While Claudian lists among "Hell's numberless monsters ... Discord, mother of war, imperious Hunger, Age, near neighbour to Death" and several others.

===Ovid===
Ovid, in his Metamorphoses, tells the story of the Thessalian king Erysichthon and his grim fate at the hands of Fames. When Erysichthon cut down a grove of trees sacred to Ceres, the goddess of grain, looked to her antithesis Fames to deliver her punishment: "Let pestilent Hunger torture his body!"
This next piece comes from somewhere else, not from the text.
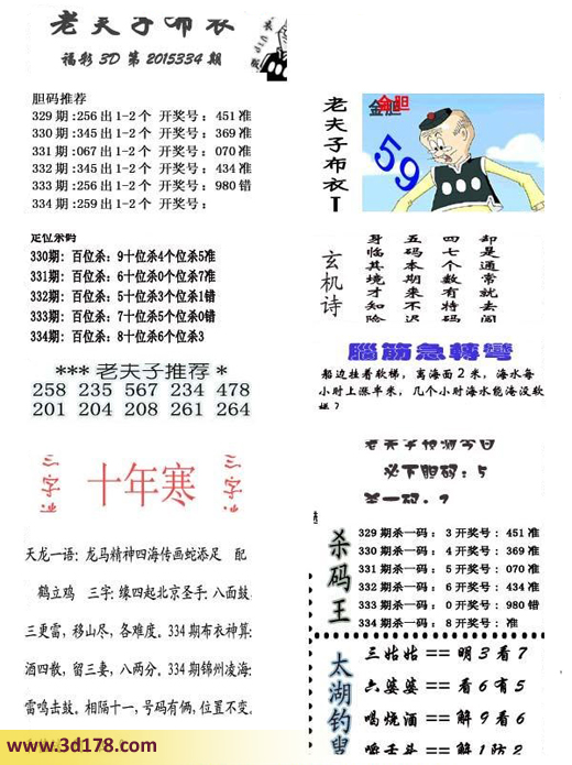 3d第2015334期老夫子布衣预测今日必下胆码图:3d之家第15334期老夫子布衣图库详解:334期:259 出1-2个 开奖号:334期:百位杀 9 十位杀 4 个位杀 5老夫子精选推荐:258 235 567 234 478201 204 208 261 264老夫子预测今日必下胆5,杀一码3脑筋急转弯:船边挂着软梯,离海面2米,海水每小时上涨半米,几个小时海水能淹没软梯?该布衣图库由福彩3D之家3D图库频道原创,仅供彩民参考,温馨提供。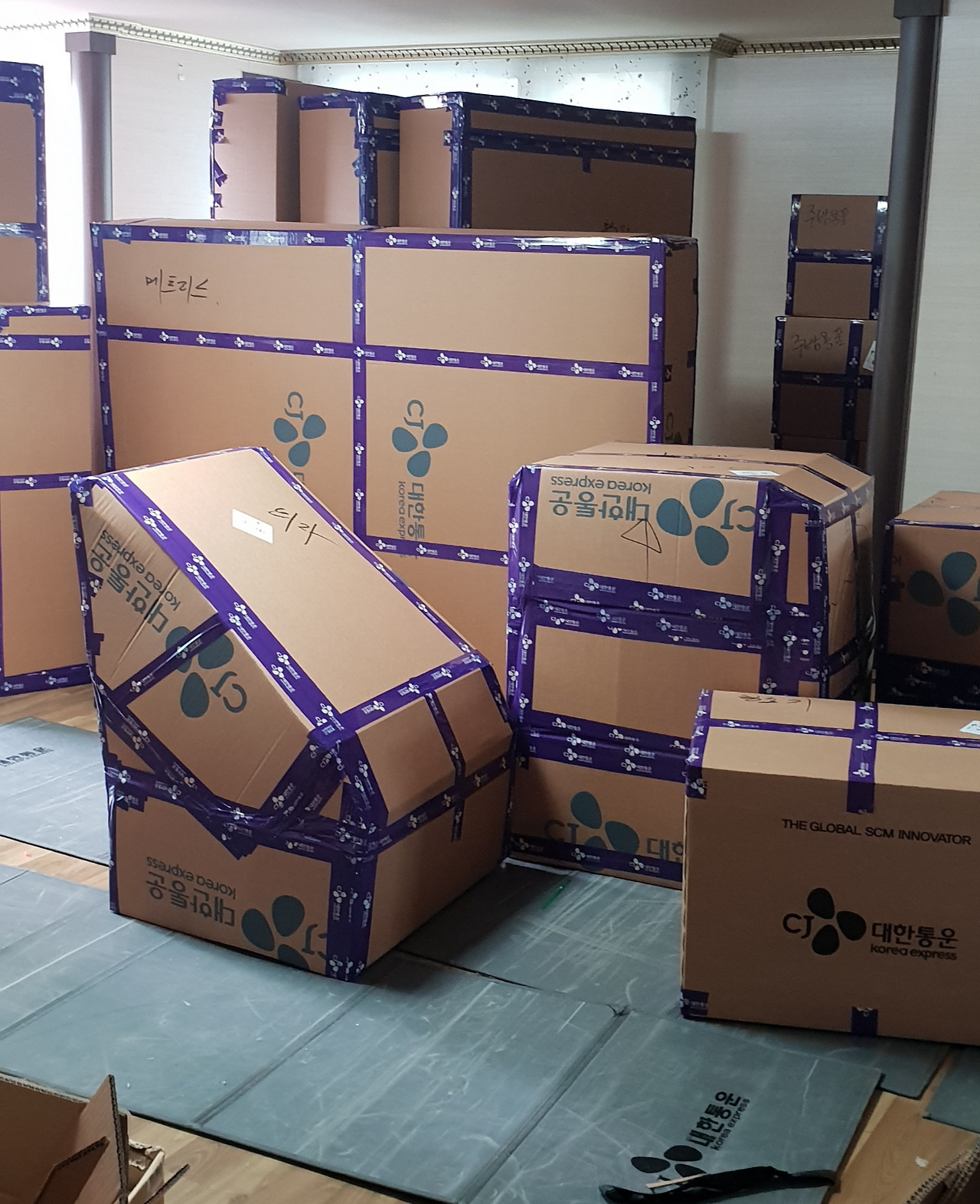한국의 짐들을 해외이사로 보냈습니다.

In Ovid's account, Fames lives at the farthest edge of Scythia, a frozen, gloomy wasteland, high in the Caucasus Mountains, where little grows. But, Ceres and Hunger being opposites, the Fates never let the two meet. So, in her stead, Ceres sent an oread nymph to seek out Fames:

"Go to a place on the farthest borders of icy Scythia,
gloomy terrain, where the earth is barren of crops and of trees.
Sluggish Cold has its home in that land, with Pallor and trembling,
ravenous Hunger too. Tell Hunger to fasten herself
in the cursed maw of that impious man, and never to yield
to abundance of food. Let her vie with my nourishing power — and defeat it!"

So the nymph when to Scythia. There she found Fames ceaselessly grubbing ("nail and tooth") in the ground for whatever little bit of vegetation she could find. She was starving and emaciated:

Her hair was tangles, her eyes like hollows, complextion pallid,
her lips grimy and grey, her throat scabrous and scurfy.
Her skin was so hard and fleshless, the entrails were visible through it;
her shrunken bones protruded under her sagging loins;
her belly was merely an empty space; her pendulous breasts
appeared to be strung on nothing except the cage of her backbone;
her leanness had swollen all her joints; the rounds of her knees
were bulbous; her ankles were grossly enlarged to a puffy excrescence.

Fames did as Ceres had commanded. She entered Erysichthon's chamber:

It was night and she found him buried in sleep. Then twining her arms
around him, she poured herself deep inside as she breathed on his throat,
on his breast, on his mouth, and dispersed starvation throughout his veins.

Thereafter, Erysichthon is filled with a never ending hunger. He sells all his possessions, including his daughter as a slave, in a futile attempt to satisfy his insatiable appetite. He is ultimately driven to eat his own body.